The Phase 3 release contains observations up to 30 September 2010 with all the approved data from CASU v1.1 pipeline reduction, including images and merged source catalogs. The list for this first Phase 3 DR1 has ~2800 tile images. If we count these plus associated confidence maps and catalogues they are approximately 1.6TB of data.


Figure 1. Maps showing the VVV tile numbers for: (a) bulge; and (b) disk.

VVV Tiles

The VVV photometry is divided into different disk and bulge tiles. The tile nomenclature goes from d001 to d152 in the disk, and from b201 to b396 in the bulge. The map with the field IDs is shown in Figures 1a and 1b, overlapped on the extinction map of the inner Milky Way from Schlegel et al. 1997.

The VVV Survey Year 1 data completion is illustrated in Figures 2-4. The files for this VVV Survey DR1 include images and their respective photometric catalogues that have passed the Quality Control (QC), ie not all the fields shown in Figures 2-4 are being included in DR1, only higher quality data. For the Phase 3 DR1 of Year 1 we defined the list of data files that pass all the quality and calibration checks in order to be released, and at the same time defined a list of deprecated images, or re-reduced/re-calibrated some acceptable files. The final list of tiles available can be found in the attached document vvv_DR1_list.pdf.
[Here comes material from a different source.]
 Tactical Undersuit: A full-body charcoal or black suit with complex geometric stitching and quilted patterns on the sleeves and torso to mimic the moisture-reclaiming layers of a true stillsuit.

JHKs: 176 out of 196 fields completed = 90% (in all three filters)
YZ: 78 out of 196 = 40% (in both filters)
VAR: 113 out of 5x 196 (980) = 12% OBs completed


JHKs: 152 out of 152 fields completed = 100% (in all three filters)
YZ : 128 out of 152 = 84% (in both filters)
VAR: 547 out of 5x 152 (760) = 72% OBs completed


Fig. 2. VVV Survey observations completed in JHKs until Oct 26th, 2010. These OBs were given the highest priority, and the multi-color map of the VVV survey region is almost complete.


Fig. 3. VVV Survey observations completed in ZY until Oct 26th, 2010. These ZY filter observations were given slightly lower priority than the JHKs maps. However, we obtained significant coverage, specially in the disk region. These filters are essential to complement and interpret the information provided by the JHKs maps: they can lift the degeneracy or ambiguity of the JHKs color-color diagrams and color-magnitude diagram in the presence of large and variable interstellar extinction.
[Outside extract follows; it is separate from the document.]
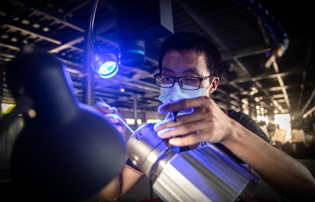 7月7日,在米朗科技有限公司生产车间,工人在对加工件进行激光焊接。新华社记者伍志尊 摄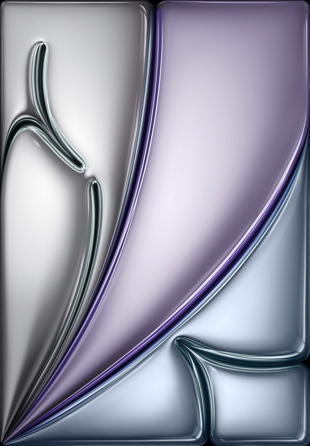 The new wallpapers for the 2024 iPad Air beautifully showcase the capabilities of its Liquid Retina display. Each wallpaper, designed to match the device's body colors—space gray, starlight, purple, and blue—features dynamic, flowing shapes that highlight the vivid and accurate P3 wide color spectrum. The intricate, glossy 3D design of these wallpapers demonstrates the display's high brightness and sharp resolution, making colors pop and shine in any lighting condition due to the anti-reflective coating and True Tone technology. These vibrant, artistic wallpapers enhance the aesthetic appeal of the iPad Air, while emphasizing the superior visual experience users can expect from the device.

Fig. 4. VVV Survey observations completed in 5 Ks epochs until Oct 26th, 2010. These Ks observations of the first year were intended to test the variability search techniques, and to provide a long term baseline for stellar variability (e.g. microlensing, long term variable sources), as well as for proper motions. We decided to give them lower priority than the multi-color maps, and it is evident that the total coverage is rather poor due to the time lost to telescope intervention and weather.
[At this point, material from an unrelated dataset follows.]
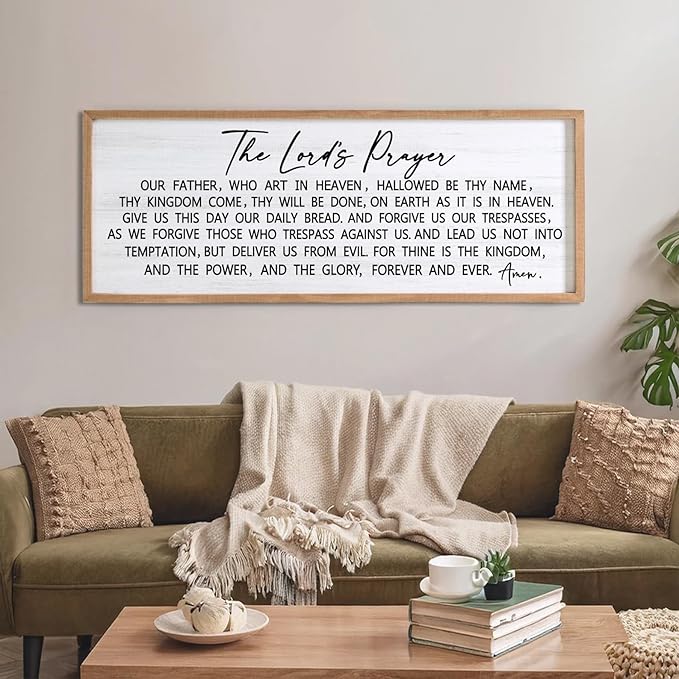 Our Father Prayer Bible Verse Framed Wall Art, 40''×15'' Natural Horizontal Religious Christian Lords Prayer Sign for God Jesus Christ Prayer, Rustic Holy Inspirational Catholic Scripture Decor

There are still observations pending from YEAR 1, as shown below in the maps of ZY filter observations and 5 Ks filter observations (credit M. Hempel). These show completed tiles, but there are still pending observations. In addition to the two YZ and Ks variability maps, the map of JHKs is mostly completed, but with 20 tiles still queued for observations. The total completion is 52% in terms of OBs, and 69% in terms of time for the first year observations.

The adopted naming convention for the 3 types of files of this release is the following:

Tile images *_st_tl.fits.fz
Associated weight map *_st_tl_conf.fits.fz
Source lists per tile *_st_tl_cat.fits

Also, the OBJECT keyword identifies the VVV tile ID, as shown in Figures 1 a and b.

Quality Control

The data processing pipeline at CASU released in May 2010 the version 0.8, which was very reasonable, and in September 2010 the version 1.0, which was very good, and can be publication quality after proper checks are made. The DR1 is based on the new CASU version v1.1, and the team has worked on the quality control using the v1.1 data, as detailed below. However, the v1.0 and v1.1 tiles are identical as far as the FITS image extensions are concerned. The differences are only in the image headers and the catalogues.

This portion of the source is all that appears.